Joint Probability Estimation of Many Binary Outcomes via Localized Adversarial Lasso

In this work we consider estimating the probability of many (possibly dependent) binary outcomes which is at the core of many applications, e.g., multi-level treatments in causal inference, demands for bundle of products, etc. Without further conditions, the probability distribution of an M dimensional binary vector is characterized by exponentially in M coefficients which can lead to a high-dimensional problem even without the presence of covariates. Understanding the (in)dependence structure allows us to substantially improve the estimation as it allows for an effective factorization of the probability distribution. In order to estimate the probability distribution of a M dimensional binary vector, we leverage a Bahadur representation that connects the sparsity of its coefficients with independence across the components. We propose to use regularized and adversarial regularized estimators to obtain an adaptive estimator with respect to the dependence structure which allows for rates of convergence to depend on this intrinsic (lower) dimension. These estimators are needed to handle several challenges within this setting, including estimating nuisance parameters, estimating covariates, and nonseparable moment conditions. Our main results consider the presence of (low dimensional) covariates for which we propose a locally penalized estimator. We provide pointwise rates of convergence addressing several issues in the theoretical analyses as we strive for making a computationally tractable formulation. We apply our results in the estimation of causal effects with multiple binary treatments and show how our estimators can improve the finite sample performance when compared with non-adaptive estimators that try to estimate all the probabilities directly. We also provide simulations that are consistent with our theoretical findings.

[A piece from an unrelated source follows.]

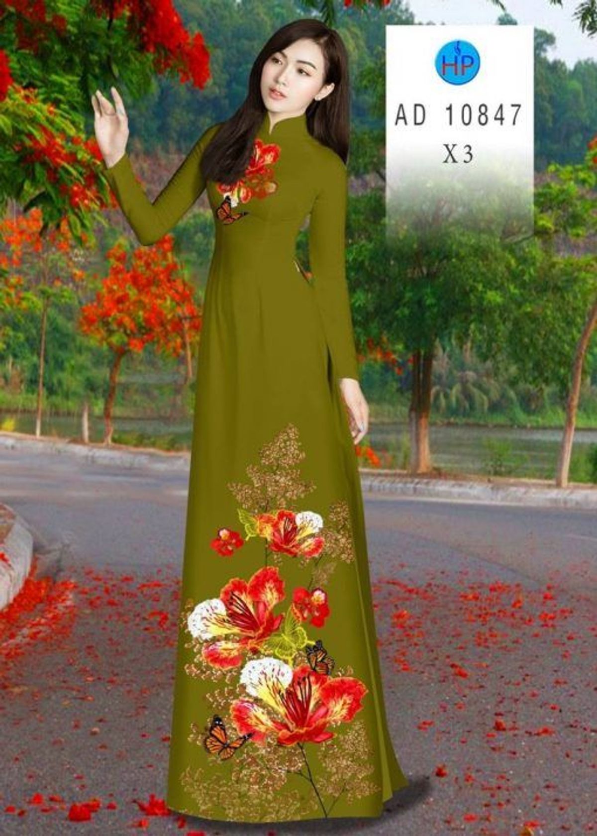 ÁO DÀI 3D HỌA TIẾT HOA PHƯỢNG 10847

翻译：本研究探讨多元（可能相关）二元结果的概率估计问题，该问题是众多应用领域的核心，例如因果推断中的多水平处理、产品组合需求预测等。在无附加条件的情况下，M维二元向量的概率分布需要以M为指数增长的系数进行刻画，即使不存在协变量也会导致高维问题。理解（非）依赖结构能通过概率分布的有效分解显著改进估计效果。为估计M维二元向量的概率分布，我们利用Bahadur表示法建立其系数稀疏性与分量独立性之间的关联。我们提出采用正则化及对抗正则化估计量，以获得对依赖结构具有自适应性的估计器，从而使收敛速率能够依赖这一内在（更低）维度。这些估计器需要应对本设定中的若干挑战，包括干扰参数估计、协变量估计以及不可分离矩条件。我们的主要研究结果考虑了（低维）协变量的存在，为此提出局部惩罚估计量。在构建计算可行的理论框架过程中，我们针对理论分析的若干问题给出了逐点收敛速率。我们将研究成果应用于多二元处理的因果效应估计，证明相较于试图直接估计所有概率的非自适应估计器，我们的估计器能提升有限样本性能。同时提供的数值模拟结果与理论发现相一致。